How the Claude Mythos leak happened

Last week Anthropic had a CMS problem that exposed a draft blog post about a future model release, but the specifics about how the leak happened weren’t published. The Fortune article says it got the post from Roy Paz and Alexandre Pauwels, and there is a archived copy of the leak by M1Astra that has some clues about the origin, and I figured out what happened by doing some investigation after I saw the leak. (I did most of this because I was interested in verifying if the leak was real or not.)

Anthropic’s CMS

Anthropic’s website has a lot of content in it; they use Sanity.io (a headless CMS) as a backend component to manage the content on their website. The pages themselves are rendered server-side; presumably they use a backend server which fetches content from Sanity and slots it into page templates.

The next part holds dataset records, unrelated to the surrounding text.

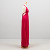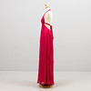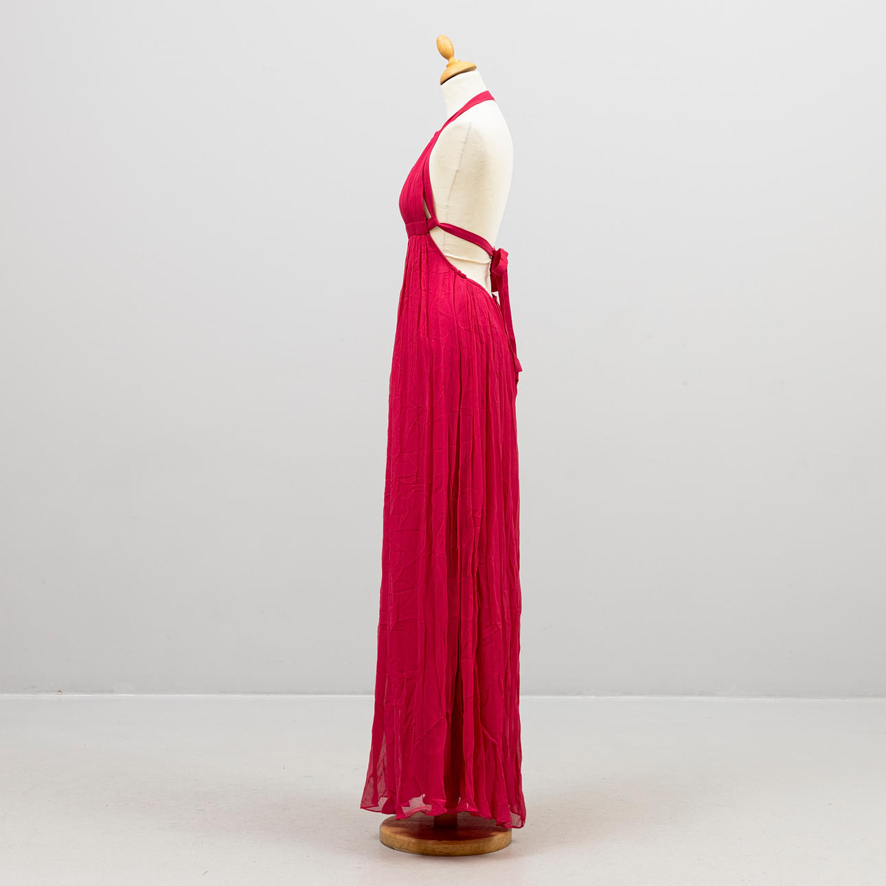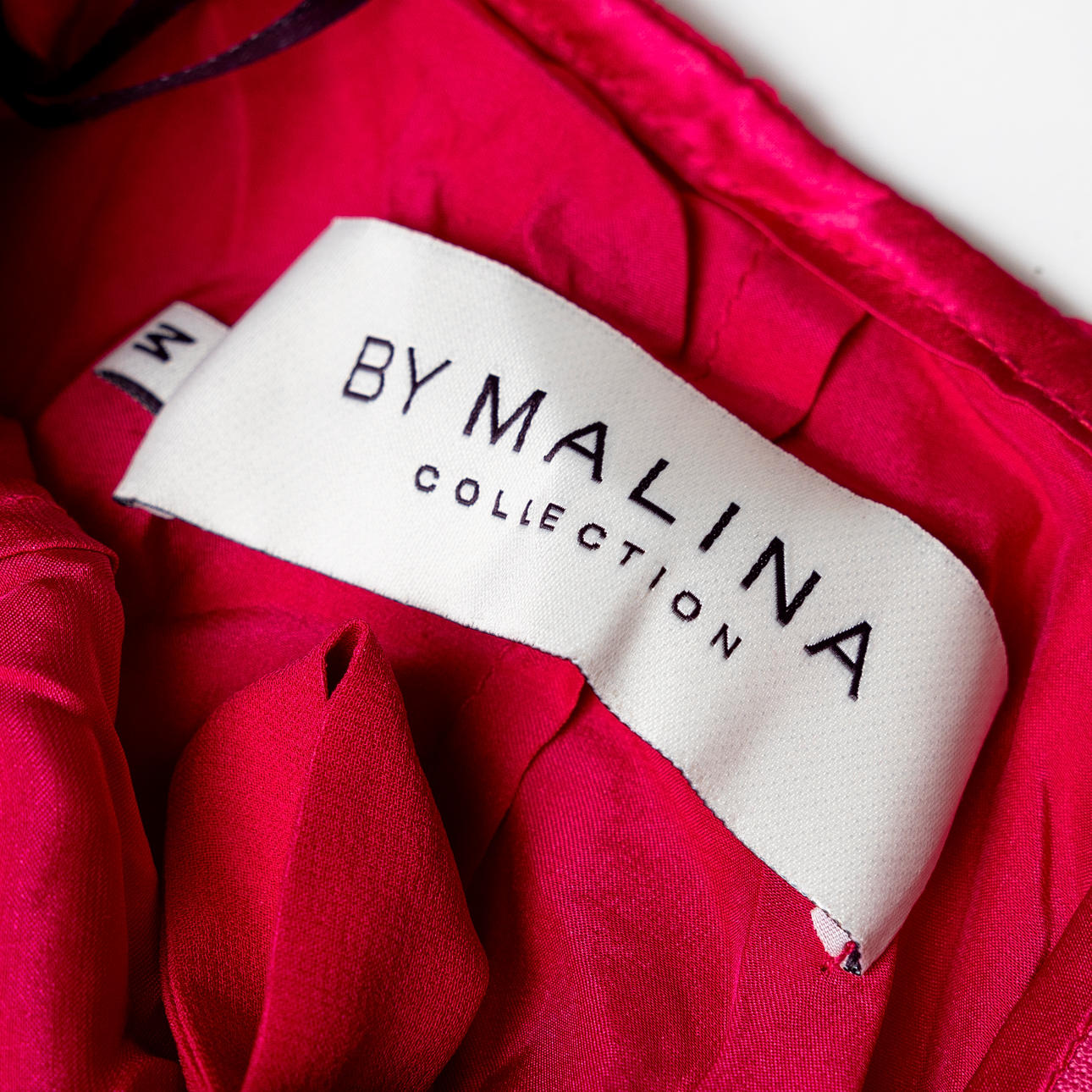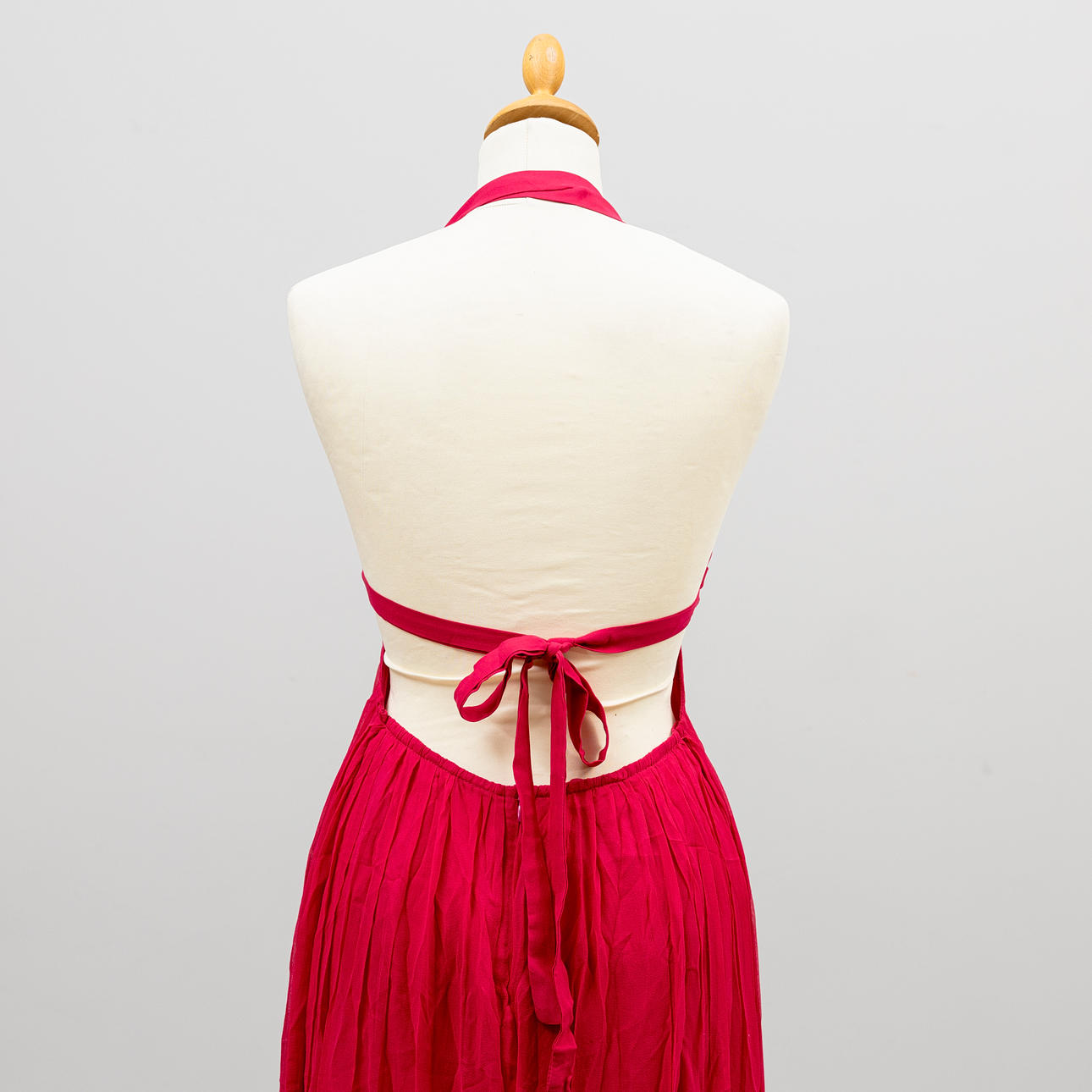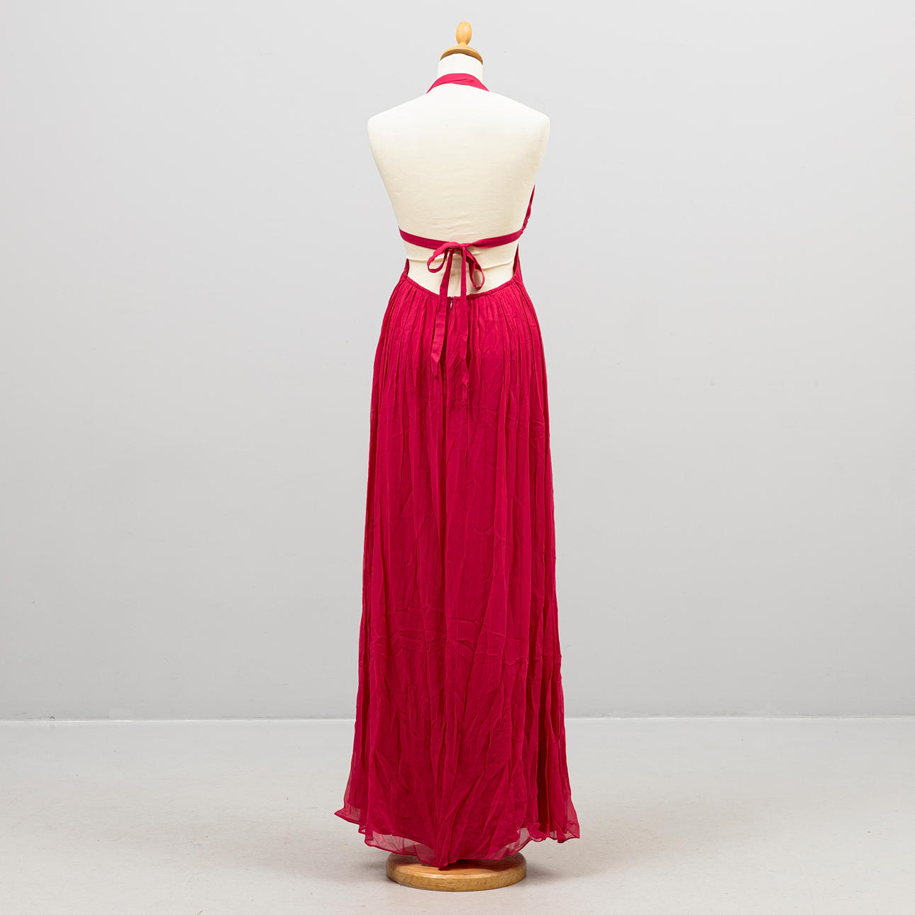 Cerise siden, ärmlös halterneckmodell med knytband i rygg. Dold dragkedja i rygg. Etikettmärkt "BY MALINA COLLECTION", enl märkning storlek M.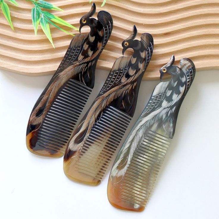 หวีฮอร์นแฮนด์เมดสำหรับจัดแต่งทรงผมตามธรรมชาติทำมือหวีซี่กว้างและละเอียด
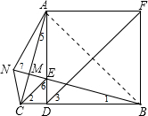 分析 判断①:由根据正方形的性质得到AD=DB,∠3=45°,再CE∥DF得到∠2=∠3=45°,则CD=ED,接着证明△DBE≌△DAC得到∠1=∠5,然后根据三角形内角和定理易得∠AME=∠BDE=90°,所以AC⊥BN;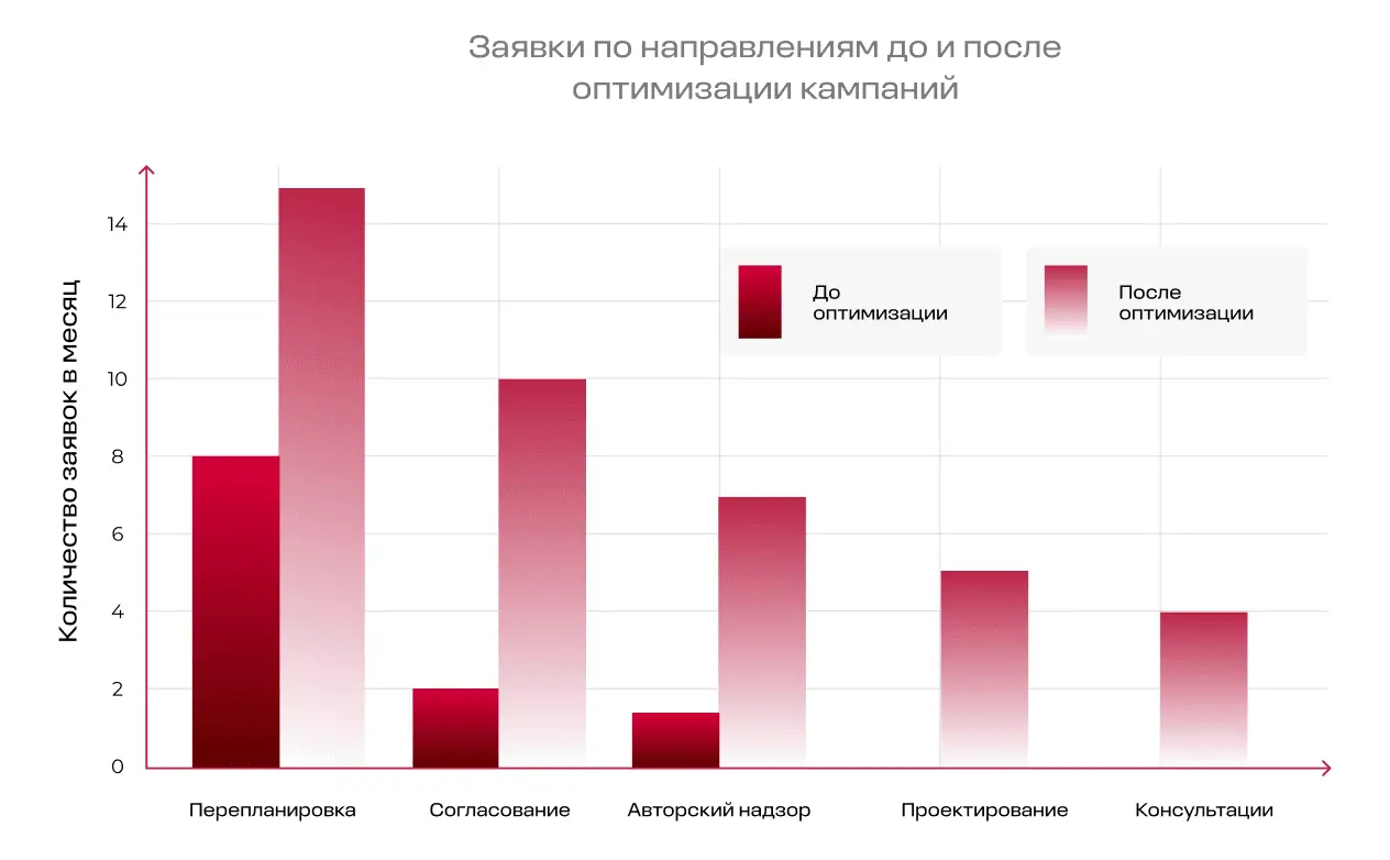 В первый месяц мы регулярно смотрели статистику и вносили правки. Убирали лишние запросы, корректировали ставки, переписывали объявления и переносили бюджет туда, где заявки шли лучше. Параллельно на лендинге уточняли формулировки, переставляли блоки и упрощали процесс записи. Так мы быстро вышли на стабильный поток обращений и удержали стоимость лида на нужном уровне

The easiest way to tell the website uses Sanity is from the images which are hosted on URLs like https://www-cdn.anthropic.com/images/4zrzovbb/website/87fb2c684ff3d95b4fa9edf208af33f467a8af5b-1000x1000.svg; www-cdn.anthropic.com is basically a proxy to cdn.sanity.io that only allows fetching images from Anthropic’s website. From that URL we can learn that the project ID for Anthropic’s website is 4zrzovbb.

You also could have figured out that they use Sanity by looking at the source code on M1Astra’s copy of the post, which contains a GROQ query that fetches a document with ID featureMythos:

const V1 = "{\r\n  \"query\": \"*[_id == \\\"featureMythos\\\"][0]\",\r\n  \"result\": {\r\n    \"_createdAt [...]

I saw this and figured the problem was probably something to do with the Sanity API.

Sanity’s API

By default Sanity allows unauthenticated access to read all the published content in a project through the API, so you can have your frontend dynamically fetch content from the CMS. Anthropic doesn’t use this functionality though; the anthropic.com frontend never makes client-side API requests to the CMS.

I asked Claude to try making requests to the Sanity API endpoints under https://4zrzovbb.apicdn.sanity.io/v2021-10-21/data/query/website and it was able to fetch the underlying CMS content shown on Anthropic’s website because Anthropic hadn’t turned off unauthenticated read access. There’s also a WebSockets endpoint that lets you stream all the changes in the CMS.

So I think what happened is that Anthropic published some content in the CMS but didn’t add the relevant logic in the backend server to generate pages that use that CMS content, and someone who was monitoring the Sanity.io API (possibly through the WebSockets endpoint to see all changes?) saw the new article content. Interestingly, the article was created and last edited on March 13, but the leak didn’t happen until March 26.

Seeing deleted articles

I tried fetching the leaked article from the API at /data/history/website/documents/featureMythos and it failed because the article didn’t exist. Presumably Anthropic deleted the article after they learned about the leak.

But it turns out Sanity always keeps article revisions for the project-wide retention period (defaults to 1 year for enterprise projects), and you can fetch the article content at a given revision ID or timestamp by setting ?revision=[id] or ?time=[timestamp] on API requests. Thus I was able to read the contents of the leaked article even after Anthropic thought they fixed it. Apparently you can’t disable this behavior, the docs say:

Current Access Control means if you’re able to access the document today, you’ll be able to access all the previous revisions of the document.

So anyone could read all revisions of all posts in Anthropic’s CMS. I emailed Anthropic about this and they fixed it pretty quickly by disabling all unauthenticated access through the Sanity API. I told them about it March 26 at 10pm; they responded 9 minutes later and fixed it by the time I woke up next morning. If you use Sanity.io as a CMS it might be worth ensuring you either don’t publish content you don’t want public or disabling unauthenticated public access.